How to use Kedro on a Databricks cluster

Note: This documentation is based on Kedro 0.16.6, if you spot anything that is incorrect then please create an issue or pull request.

In this tutorial we use PySpark Iris Kedro Starter to bootstrap a Kedro project using Spark.

The tutorial is split into 2 sections:

Both workflows use Databricks on AWS.

Prerequisites

Both section have the following prerequisites:

  • New or existing AWS account with administrative privileges
  • Active Databricks deployment on AWS (Databricks Community Edition won’t suffice as it doesn’t allow you to provision personal tokens)
  • Conda installed on your local machine

Run the Kedro project with Databricks Connect

In this section, we show how to create a sample Iris project with PySpark, connect it to the Databricks cluster using Databricks Connect, and trigger a run from the local machine.

Note: Additional requirement in this section is to have Java 8 installed on your local machine (as Databricks Connect does not support Java 11).

1. Project setup

First, let’s create a new virtual environment and, within it, a new Kedro project:

# create fresh virtual env
# NOTE: minor Python version of the environment
# must match the version on the Databricks cluster
conda create --name iris_databricks python=3.7 -y
conda activate iris_databricks

# install Kedro and create a new project
pip install "kedro~=0.16.6"
# name your project Iris Databricks when prompted for it
kedro new --starter pyspark-iris

2. Install dependencies and run locally

Now, as the project has been successfully created, we should move into the project root directory, install project dependencies, and then start a local test run using Spark local execution mode, which means that all Spark jobs will be executed in a single JVM locally, rather than in a cluster. pyspark-iris Kedro starter used to generate the project already has all necessary configuration for it to work, you just need to have pyspark Python package installed, which is done for you by kedro install command below.

# change the directory to the project root
cd iris-databricks/
# compile and install the project dependencies, this may take a few minutes
kedro install
# start a local run
kedro run

You should get a similar output:

...
2020-09-09 18:57:36,762 - iris_databricks.pipelines.data_science.nodes - INFO - Model accuracy: 100.00%
2020-09-09 18:57:36,762 - kedro.runner.sequential_runner - INFO - Completed 5 out of 5 tasks
2020-09-09 18:57:36,762 - kedro.runner.sequential_runner - INFO - Pipeline execution completed successfully.

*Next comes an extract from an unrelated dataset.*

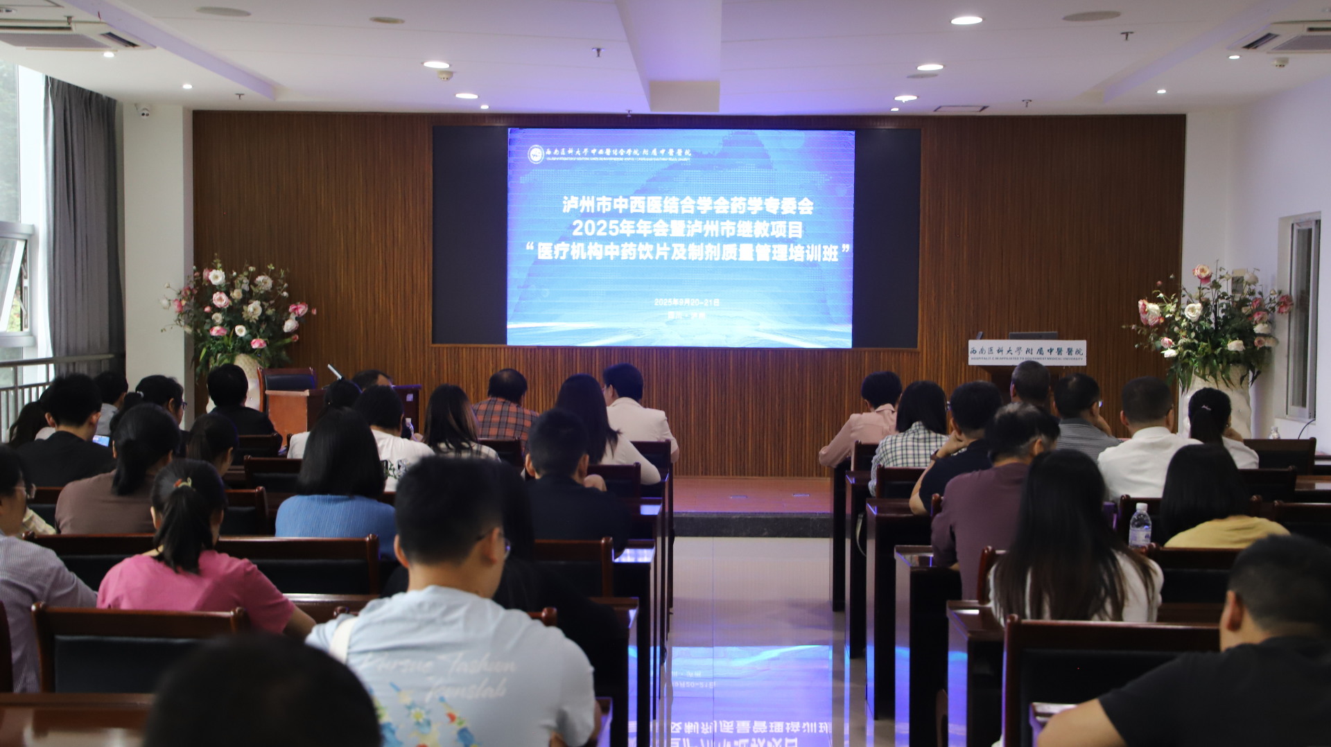 9月20-21日,2025年度四川省中医药继续教育项目“庄诚教授全国老药工学术传承及制剂质量管理培训班”、四川省老年医学学会中药制剂专委会学术年会、泸州市中西结合学会药学专委会学术年会暨泸州市医学继教项目“医疗机构中药饮片及制剂质量管理培训班”中药学系列学术会议暨四川省中医药继续教育项目“四川省名中医庄诚教授学术思想及临证经验培训班”、泸州市继教项目“中医全科思维第二期培训班”中医学系列学术会议在我院召开。开幕式由药学部部长赵福兰主持。

3. Create a Databricks cluster

If you already have an active cluster with runtime version 7.1, you can skip this step. Here is how to find clusters in your Databricks workspace.

Follow the Databricks official guide to create a new cluster. For the purpose of this tutorial (and to minimise costs) we recommend the following settings:

  • Runtime: 7.1 (Scala 2.12, Spark 3.0.0)
  • Enable autoscaling: off
  • Terminate after 120 minutes of inactivity: on
  • Worker type: m4.large
  • Driver Type: Same as worker
  • Workers: 2
  • Advanced options -> Instances -> # Volumes: 1

While your cluster is being provisioned, you can continue to the next step.

4. Install Databricks Connect

Databricks Connect is a Python library that you must install within your local environment:

# first, we need to uninstall pyspark package
# as Databricks Connect comes with its own implementation of it
pip uninstall -y pyspark

# install the version equal to the cluster environment
pip install "databricks-connect==7.1"

5. Configure Databricks Connect

You can create the personal access token needed by Databricks Connect by following the official documentation.

Note: Databricks Community Edition does not allow to provision personal tokens, therefore won’t work for this.

You also need to retrieve the Databricks workspace URL (the domain you log into when accessing your deployment), and the Cluster ID, which you connect to.

Now, as you have all the necessary credentials, configure databricks-connect. To do so, run the CLI command and follow the prompts:

databricks-connect configure

Alternatively, you can configure Databricks Connect by setting the environment variables as follows:

export DATABRICKS_ADDRESS=https://dbc-XXXXXXXX-XXXX.cloud.databricks.com \
    DATABRICKS_API_TOKEN=XXX \
    DATABRICKS_CLUSTER_ID=XXXX-XXXXXX-XXXXXX \
    DATABRICKS_ORG_ID=0 \
    DATABRICKS_PORT=15001

Let’s test the configuration by running from the CLI:

databricks-connect test

6. Copy local data into DBFS

Our Spark jobs will now run on Databricks, so we need to give them access to the relevant input data. Copy your local data/ directory into the Databricks File System (DBFS).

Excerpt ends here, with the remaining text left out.